Exercise goal:
Leaving out every picture, please repeat exactly the line that contains "Die Ferienwohnung hat" and each line after it through the final line below.

Entries supplied:
== Segment start ==

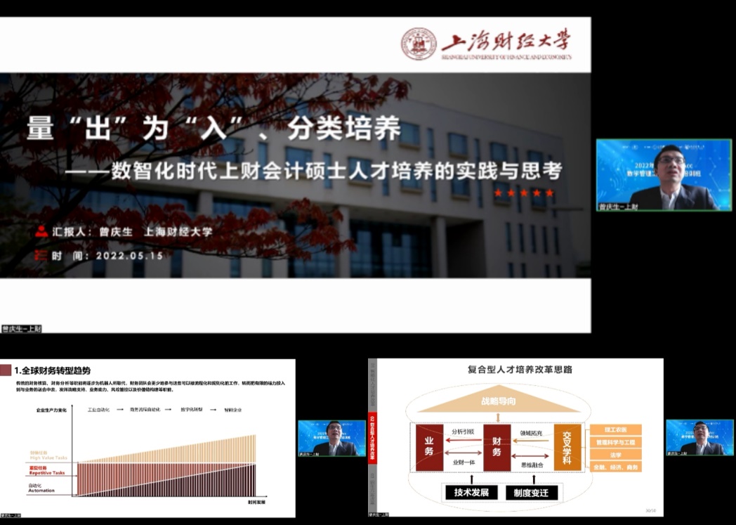 上海财经大学的曾庆生教授做了以“量‘出’为‘入’、分类培养——数智化时代上财会计硕士人才培养的实践与思考”为题的汇报。曾庆生教授认为,目前智能化教学改革的四大战略在于:重塑智能化人才培养体系、打造智能化实验教学平台、组建智能化师资团队和拓展智能化实践场景。
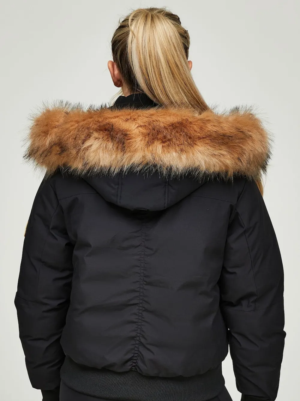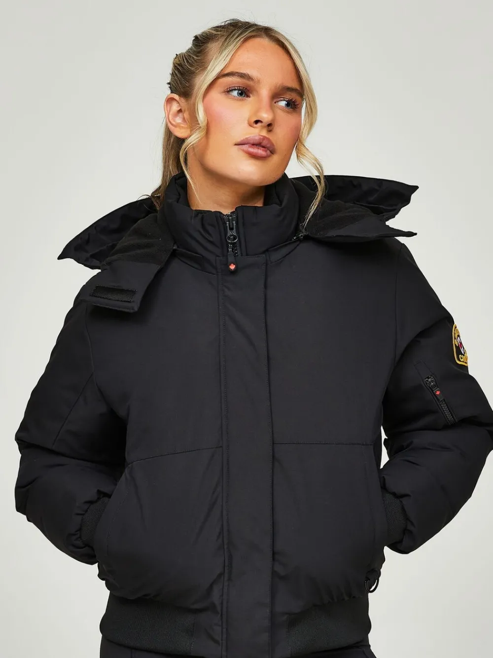 Keep the cold out with this women s Olivia Asphalt Bomber Jacket from Zavetti Canada. This cropped jacket has a full zip front and a popper fastening flap that extends up the chin. The stretchy ribbed trims shape the fit, and the fluffy faux fur trim hood is removable so you can pick and choose the times to unleash it. Finished off with multiple pockets and signature Zavetti Canada branding. Machinewasbaar. 100% katoen.
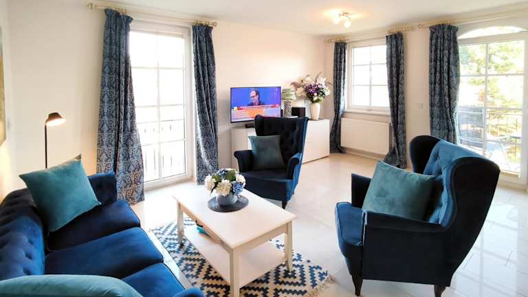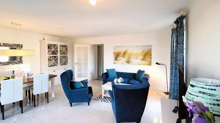 Die Ferienwohnung hat ein Schlafzimmer, ein Wohnzimmer mit einem Flachbild-TV sowie eine gut ausgestattete Küche mit Kühlschrank und Geschirrspüler. Internetzugang über kostenloses WLAN sowie ein privater Balkon mit Meerblick sind vorhanden.
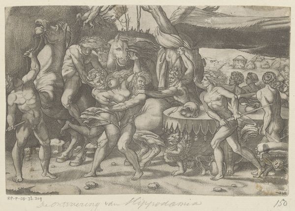 This engraving, "Fortune Does Not Watch over All Sleepers," was made by Dirck Volckertsz Coornhert, sometime before 1590. The image is incised into a metal plate, likely copper, with astonishing precision. Look closely, and you can see how the varying depths and densities of the lines create a rich range of tones, almost like a grayscale photograph. This was achieved through careful application of tools like burins and scrapers. These tools allowed Coornhert to physically cut away tiny pieces of metal, thus defining the composition. The subject matter, a personification of Fortune ignoring a sleeping man, relates to the burgeoning mercantile culture of the Dutch Golden Age. It reminds viewers that prosperity isn't guaranteed, and that hard work is necessary for success. The print would have been relatively inexpensive, allowing for broad distribution and moral instruction. The image is a testament to the engraver's skill, and to the power of printmaking as a means of disseminating ideas and values. It is a stark reminder that craft and commerce are often intertwined.
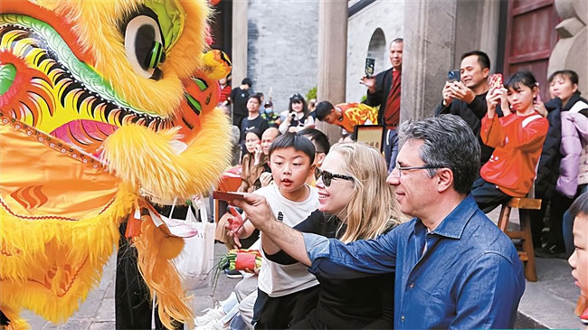 沙湾古镇留耕堂内,游客参与醒狮采青
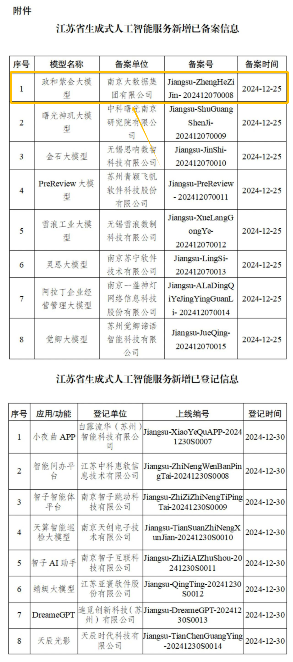 附件:江蘇省生成式人工智能服務新增已備案(登記)信息
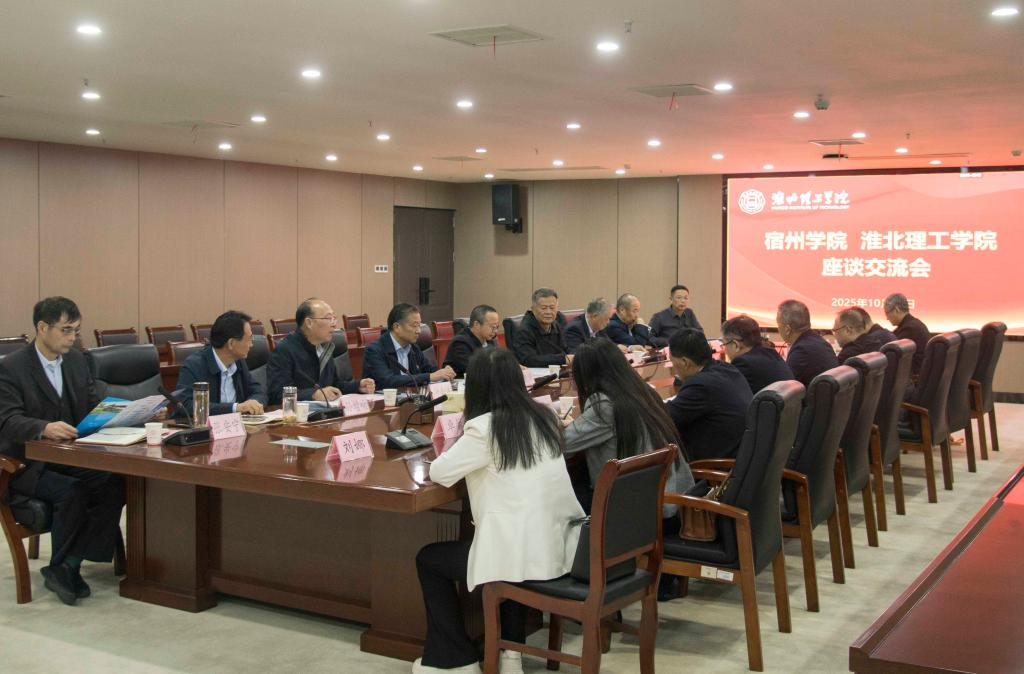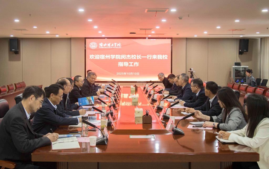 10月10日下午,宿州学院党委副书记、校长闵杰、副校长陈得宝一行来校调研交流。董事长查东辉,校长杨兵,校党委书记朱德顺,副校长汪建利在行政楼814会议室与客人进行座谈交流,相关职能部门负责人参加座谈。

== Segment end ==

Result of this task:
 Die Ferienwohnung hat ein Schlafzimmer, ein Wohnzimmer mit einem Flachbild-TV sowie eine gut ausgestattete Küche mit Kühlschrank und Geschirrspüler. Internetzugang über kostenloses WLAN sowie ein privater Balkon mit Meerblick sind vorhanden.
 This engraving, "Fortune Does Not Watch over All Sleepers," was made by Dirck Volckertsz Coornhert, sometime before 1590. The image is incised into a metal plate, likely copper, with astonishing precision. Look closely, and you can see how the varying depths and densities of the lines create a rich range of tones, almost like a grayscale photograph. This was achieved through careful application of tools like burins and scrapers. These tools allowed Coornhert to physically cut away tiny pieces of metal, thus defining the composition. The subject matter, a personification of Fortune ignoring a sleeping man, relates to the burgeoning mercantile culture of the Dutch Golden Age. It reminds viewers that prosperity isn't guaranteed, and that hard work is necessary for success. The print would have been relatively inexpensive, allowing for broad distribution and moral instruction. The image is a testament to the engraver's skill, and to the power of printmaking as a means of disseminating ideas and values. It is a stark reminder that craft and commerce are often intertwined.
 沙湾古镇留耕堂内,游客参与醒狮采青
 附件:江蘇省生成式人工智能服務新增已備案(登記)信息
 10月10日下午,宿州学院党委副书记、校长闵杰、副校长陈得宝一行来校调研交流。董事长查东辉,校长杨兵,校党委书记朱德顺,副校长汪建利在行政楼814会议室与客人进行座谈交流,相关职能部门负责人参加座谈。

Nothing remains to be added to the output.